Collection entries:
==============================

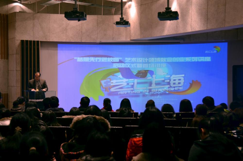 2014年1月7日晚6点,艺汇上海——首届上海校园新锐艺术设计人才培养与推介活动之“梦想先行进校园”艺术设计领域就业创业系列讲座启动仪式及讲座,在365完美体育美术学院隆重举行。随着系列讲座的启动,10场关于艺术设计专业学生就业、创业的高质量讲座将陆续进入上海各高校,为学子们开启更广阔的视野,搭建专业学习与就业创业相互沟通的平台。
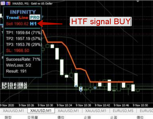 Hello. If you has set the HTF Filper=true you only get orders match with Higher TimeFrame signals
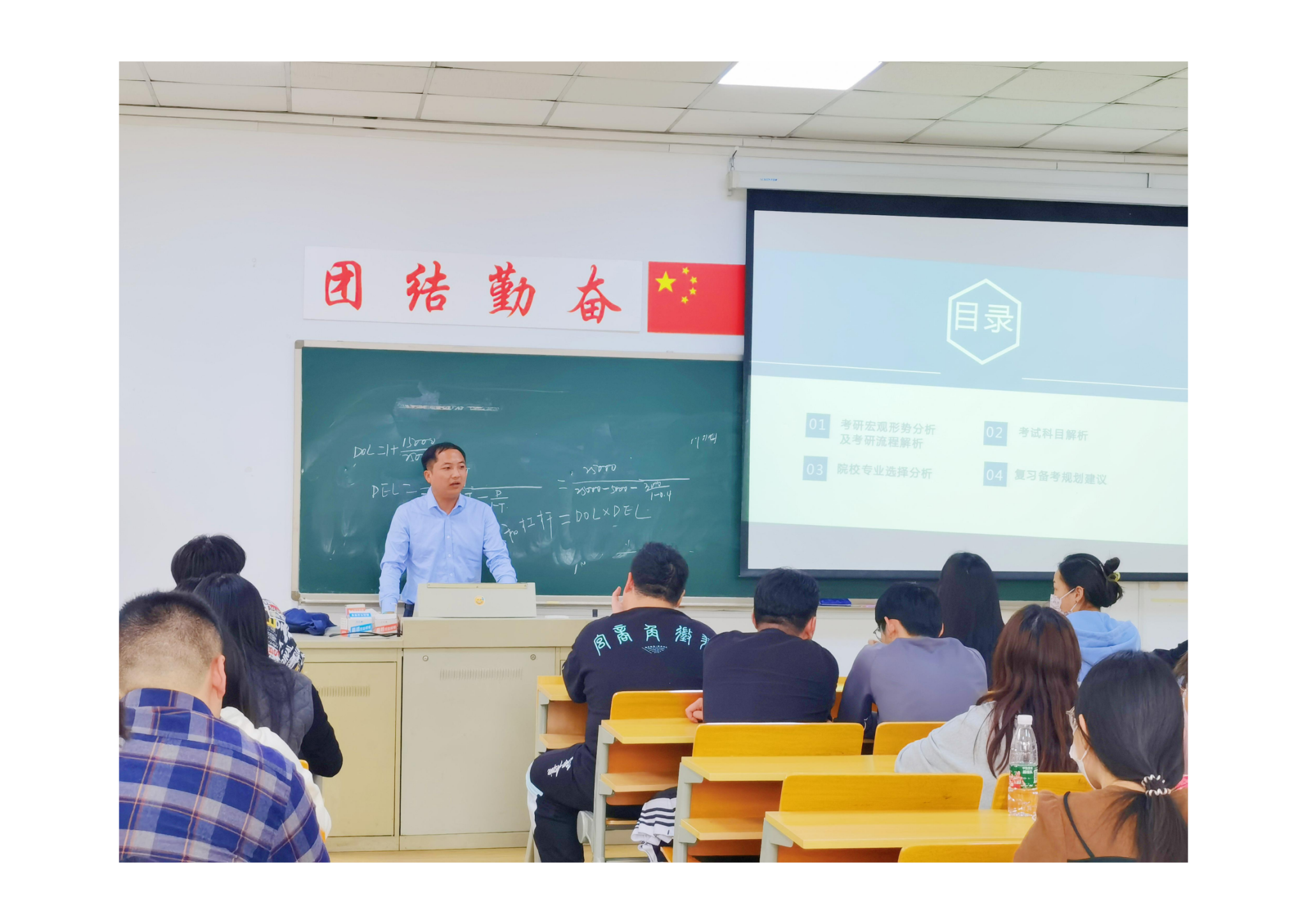 5月10日,公司在丁家桥校区东南楼319教室开展了考研辅导专题讲座。讲座由研榜考研联合创始人、信大云天教育创始人赵强老师主讲,22级自考助学专业本科同学参加了讲座。
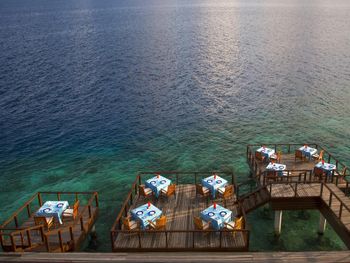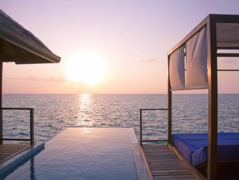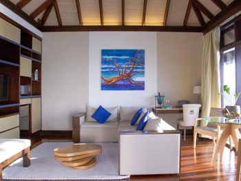 Отель старый и это бросается в глаза. Вилла на воде меньше по площади , ночью когда сильные волны, ужасный шум - поспать не удасться. Лестница к воде вся заросла водорослями. В бассейне в вилле на воде плитка отваливается , можно пораниться, что с нами и произошло. Если у вас не все включено, реальной проблемой становиться ужин! Мы столкнулись с этим в день приезда , в семь часов на острове не было возможности поужинать в ресторанах, так как места заняты и обязательно нужно бронировать заранее. Был выход заказать в номер, либо ужин на пляже за высокую цену. Так же следите за тем что вы оплачиваете, так как мы переезжали с виллу на виллу , нам в общий чек включали трансфер на 400 евро (хотя на остров мы приехали самостоятельно из другого отеля, а переезд с виллы на виллы был пешком:))
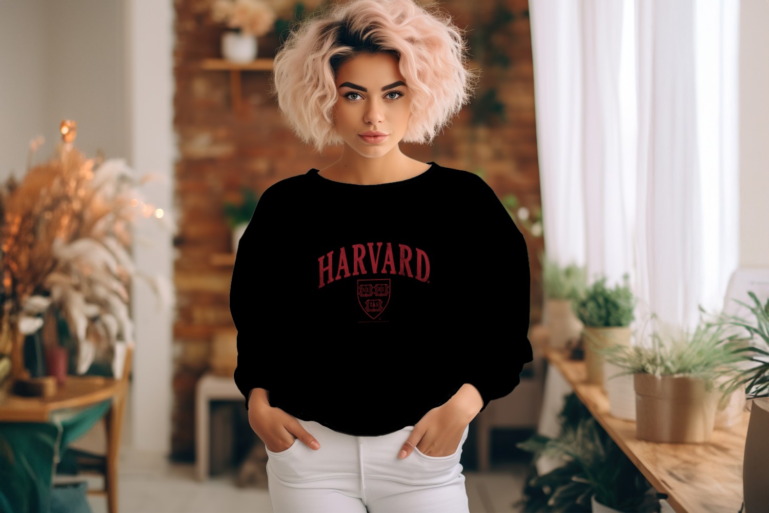 Sweat oversize coton bio Femme Harvard avec un design de Harvard Arc Écusson Used Contour rouge
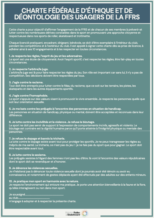 Début 2019, la FFRS s’est engagée dans la lutte contre les violences sexuelles avant d’élargir le champ de son action à toutes les formes de violences début 2022. L’objectif est de garantir à l’ensemble de ses licenciés, pratiquants, encadrants, dirigeants ou bénévoles, une pratique des sports de roller, skateboard et trottinette sécurisée.
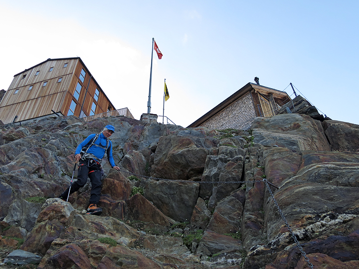 Our next night's hut (day 5 now) is the Finsteraarhorn hut, accessible by steep rocks equipped with cables and chains. |

==============================

- _What you will do_
Only the pictures are to be excluded; all other parts of the records above are to be given exactly.

- _Your response_
 2014年1月7日晚6点,艺汇上海——首届上海校园新锐艺术设计人才培养与推介活动之“梦想先行进校园”艺术设计领域就业创业系列讲座启动仪式及讲座,在365完美体育美术学院隆重举行。随着系列讲座的启动,10场关于艺术设计专业学生就业、创业的高质量讲座将陆续进入上海各高校,为学子们开启更广阔的视野,搭建专业学习与就业创业相互沟通的平台。
 Hello. If you has set the HTF Filper=true you only get orders match with Higher TimeFrame signals
 5月10日,公司在丁家桥校区东南楼319教室开展了考研辅导专题讲座。讲座由研榜考研联合创始人、信大云天教育创始人赵强老师主讲,22级自考助学专业本科同学参加了讲座。
 Отель старый и это бросается в глаза. Вилла на воде меньше по площади , ночью когда сильные волны, ужасный шум - поспать не удасться. Лестница к воде вся заросла водорослями. В бассейне в вилле на воде плитка отваливается , можно пораниться, что с нами и произошло. Если у вас не все включено, реальной проблемой становиться ужин! Мы столкнулись с этим в день приезда , в семь часов на острове не было возможности поужинать в ресторанах, так как места заняты и обязательно нужно бронировать заранее. Был выход заказать в номер, либо ужин на пляже за высокую цену. Так же следите за тем что вы оплачиваете, так как мы переезжали с виллу на виллу , нам в общий чек включали трансфер на 400 евро (хотя на остров мы приехали самостоятельно из другого отеля, а переезд с виллы на виллы был пешком:))
 Sweat oversize coton bio Femme Harvard avec un design de Harvard Arc Écusson Used Contour rouge
 Début 2019, la FFRS s’est engagée dans la lutte contre les violences sexuelles avant d’élargir le champ de son action à toutes les formes de violences début 2022. L’objectif est de garantir à l’ensemble de ses licenciés, pratiquants, encadrants, dirigeants ou bénévoles, une pratique des sports de roller, skateboard et trottinette sécurisée.
 Our next night's hut (day 5 now) is the Finsteraarhorn hut, accessible by steep rocks equipped with cables and chains. |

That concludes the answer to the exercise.